TVs and other screens, in general, form a large part of the CES roster. While seeming superfluous at first, many of these products trickle down in one form or another into our living rooms. Smart TVs? Curved TVs? 4K? All these technologies once started as propositions at past CES. From LG this year, we were wowed by a 65-inch Roll Up TV — a display that simply rolls up into its base once it’s done entertaining you. The company also brought a thunderous 8K TV to the show while Nvidia showcased blazing fast displays that will take gaming to the next level. Samsung, meanwhile, crashed the party with a 146-inch “Wall TV”. Playing to the ridiculously rich was Sony with its drop-dead gorgeous $30,000 4K projector that has more bells and whistles than the Queen’s personal band.

Project Linda

One trend that we always welcome is efforts to unify our gadgets. There are many of us who unwillingly toggle between a phone (to get through the day), a tablet (to wind down) and a laptop (to get work done). Building on the back of concepts like Microsoft’s Continuum and Samsung DeX, which upscale your powerful smartphone into a PC when connected with an appropriate larger screen, mouse and keyboard, gaming company Razer showed off ‘Project Linda’. It’s a laptop shell that cleverly takes in the beastly Razer Phone where the trackpad should be and boots up like an android-powered PC, making it the most seamless implementation of the unification concept we’ve seen so far.

Wild Ones

What’s a good trade show 

without the customary cavalcade of crazy contraptions?
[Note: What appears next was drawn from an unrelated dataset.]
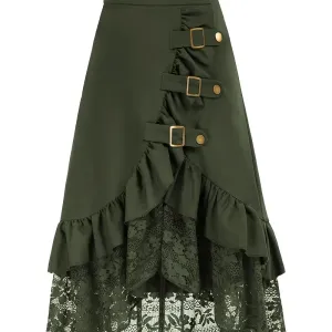 Jupe mi-longue trapèze verte élégante à pois avec boutons pour femme

For fans of the fantastical, we present the weirdest gadgets of CES:

ForwardXCX-1

How about a self-driving carry-on strolley that follows you around like a house elf around the airport? Price: $400 (Expected)

Somnox

A pillow that mimics human breathing so that you can cuddle with it at night to sleep better. 

Geek level: Forever alone. 

Price: $549

Kohler Numi

Alexa, please flush my poop — that is the promise of this internet-connected toilet. 

Price: $5,625 and up.

Modius

Exercise is for sissies. Some of

us like to zap our vestibular 

nerve to watch our weight. 

Price: $500

Laundroid

We all hate folding laundry but will you play Rs 10 lakh for a cabinet that does it for you? A company called Laundroid thinks so.